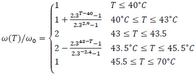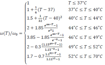 For the tumour tissue, the relative temperature variation is rather different and can be evaluated using the following piecewise model [17, 18]:
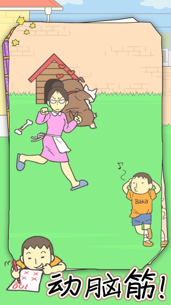 3、角色表情夸张逗趣,试卷上的鸭蛋图案萌态可掬,失败时妈妈叉腰瞪眼的卡通形象,让解谜过程欢笑不断。
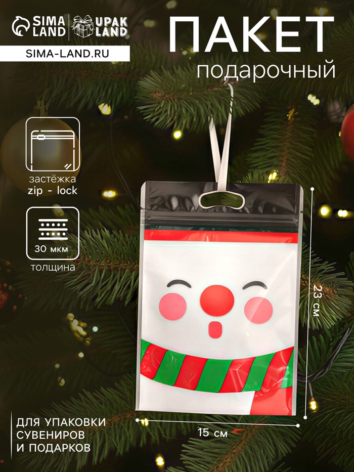 Зимнее настроение в удобной упаковке! Пакет с застёжкой «Снеговик» (15×23 см) — праздничное решение для новогодних подарков. Красный дизайн с весёлым снеговиком создаёт атмосферу зимнего волшебства.
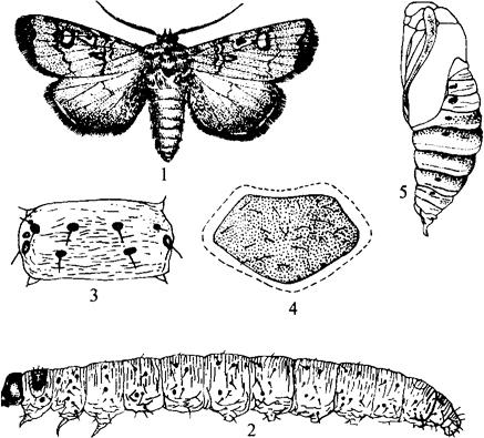 释义 | 大地老虎 【学名】 Agrotis tokionis Butler。 【分布与为害】 在长江流域发生较多,北方较少。食性很杂,许多花木幼苗均可受其害。 【形态特征】 成虫体长20~25毫米,翅展40~52毫米。头、胸部褐色,腹部灰黑色。雌蛾触角丝状,雄蛾触角栉齿状。栉齿分枝较长,向端部逐渐短小。颈板中部有1条黑横线。前翅灰褐色,前缘自基部至2/3处黑褐色。肾状纹及环纹明显,其周围有黑褐边。肾状纹外侧有1不规则黑纹。亚基线、内、外横线均为双条曲线。有时,中横线、亚外缘线极不明显(图6-37)。卵为半球形,直径1.8毫米,浅黄色,变褐、灰褐色。老熟幼虫体长40~60毫米,黄褐色,体表多皱纹,颗粒微小。腹部第一至三节背面中部有4个毛片,前2个稍小。臀板密布龟裂状皱纹,除末端2根刚毛附近,几乎全部为深褐色。腹足趾钩5~14个。蛹长23~29毫米,赤褐色。腹部第一至四节侧面有明显横沟,第三至五节比中胸及腹部第一、二节为粗。第四至七腹节基部密布刻点。第五至七腹节刻点环绕一周。腹末臀棘呈三角形,具短刺1对。 图6-37 大地老虎 1.成虫 2.幼虫 3.幼虫第四腹节背面 4.幼虫臀板 5.蛹 【生活习性】 1年发生1代。以3~6龄幼虫在土中或草丛内潜伏越冬。在北京翌年4月活动,为害剧烈。6月幼虫老熟,在土下3~5厘米处筑土室越夏,长达3个月左右。8月开始化蛹,9月中旬出现成虫、10月上旬开始产卵,10月下旬开始越冬。南方3月中旬至4月上旬越冬幼虫活动为害,5~6月幼虫夏眠,5~9月,夏眠后虫体在土室化蛹。 成虫夜间活动,有趋糖、酒、醋习性。成虫交尾后次日即可产卵。每雌虫产卵648~1486粒。卵产于土表或杂草上。4龄后伏于土表下,夜出为害。在-5~-10℃,越冬幼虫几天死亡。越夏幼虫对高温有较高抵抗力,但如果土壤过干、过湿或土室因翻耕所破坏,死亡率很高。 【防治方法】 (1)发蛾盛期点黑光灯、或糖醋酒液诱杀。糖、醋、酒、水配比为1∶1∶0.2∶0.4再加入0.1%敌百虫。置盒内,挂1米高处,白天加盖,晚上开盖。每隔1~2天加1次糖醋配制液。 (2)清除杂草,防止成虫产卵和幼虫转移幼苗上为害。 (3)新鲜泡桐叶浸入90%敌百虫1000倍液后,置70m2栽植地8~10张叶片,3~5天可杀幼虫达95%。 (4)用75%辛硫磷1000倍液,拌鲜草50千克于晚上撒入栽植地杀幼虫。 |

*-*-*

• Required action: Repeat verbatim all the material, but not the pictures.

• Exercise response:
 For the tumour tissue, the relative temperature variation is rather different and can be evaluated using the following piecewise model [17, 18]:
 3、角色表情夸张逗趣,试卷上的鸭蛋图案萌态可掬,失败时妈妈叉腰瞪眼的卡通形象,让解谜过程欢笑不断。
 Зимнее настроение в удобной упаковке! Пакет с застёжкой «Снеговик» (15×23 см) — праздничное решение для новогодних подарков. Красный дизайн с весёлым снеговиком создаёт атмосферу зимнего волшебства.
 释义 | 大地老虎 【学名】 Agrotis tokionis Butler。 【分布与为害】 在长江流域发生较多,北方较少。食性很杂,许多花木幼苗均可受其害。 【形态特征】 成虫体长20~25毫米,翅展40~52毫米。头、胸部褐色,腹部灰黑色。雌蛾触角丝状,雄蛾触角栉齿状。栉齿分枝较长,向端部逐渐短小。颈板中部有1条黑横线。前翅灰褐色,前缘自基部至2/3处黑褐色。肾状纹及环纹明显,其周围有黑褐边。肾状纹外侧有1不规则黑纹。亚基线、内、外横线均为双条曲线。有时,中横线、亚外缘线极不明显(图6-37)。卵为半球形,直径1.8毫米,浅黄色,变褐、灰褐色。老熟幼虫体长40~60毫米,黄褐色,体表多皱纹,颗粒微小。腹部第一至三节背面中部有4个毛片,前2个稍小。臀板密布龟裂状皱纹,除末端2根刚毛附近,几乎全部为深褐色。腹足趾钩5~14个。蛹长23~29毫米,赤褐色。腹部第一至四节侧面有明显横沟,第三至五节比中胸及腹部第一、二节为粗。第四至七腹节基部密布刻点。第五至七腹节刻点环绕一周。腹末臀棘呈三角形,具短刺1对。 图6-37 大地老虎 1.成虫 2.幼虫 3.幼虫第四腹节背面 4.幼虫臀板 5.蛹 【生活习性】 1年发生1代。以3~6龄幼虫在土中或草丛内潜伏越冬。在北京翌年4月活动,为害剧烈。6月幼虫老熟,在土下3~5厘米处筑土室越夏,长达3个月左右。8月开始化蛹,9月中旬出现成虫、10月上旬开始产卵,10月下旬开始越冬。南方3月中旬至4月上旬越冬幼虫活动为害,5~6月幼虫夏眠,5~9月,夏眠后虫体在土室化蛹。 成虫夜间活动,有趋糖、酒、醋习性。成虫交尾后次日即可产卵。每雌虫产卵648~1486粒。卵产于土表或杂草上。4龄后伏于土表下,夜出为害。在-5~-10℃,越冬幼虫几天死亡。越夏幼虫对高温有较高抵抗力,但如果土壤过干、过湿或土室因翻耕所破坏,死亡率很高。 【防治方法】 (1)发蛾盛期点黑光灯、或糖醋酒液诱杀。糖、醋、酒、水配比为1∶1∶0.2∶0.4再加入0.1%敌百虫。置盒内,挂1米高处,白天加盖,晚上开盖。每隔1~2天加1次糖醋配制液。 (2)清除杂草,防止成虫产卵和幼虫转移幼苗上为害。 (3)新鲜泡桐叶浸入90%敌百虫1000倍液后,置70m2栽植地8~10张叶片,3~5天可杀幼虫达95%。 (4)用75%辛硫磷1000倍液,拌鲜草50千克于晚上撒入栽植地杀幼虫。 |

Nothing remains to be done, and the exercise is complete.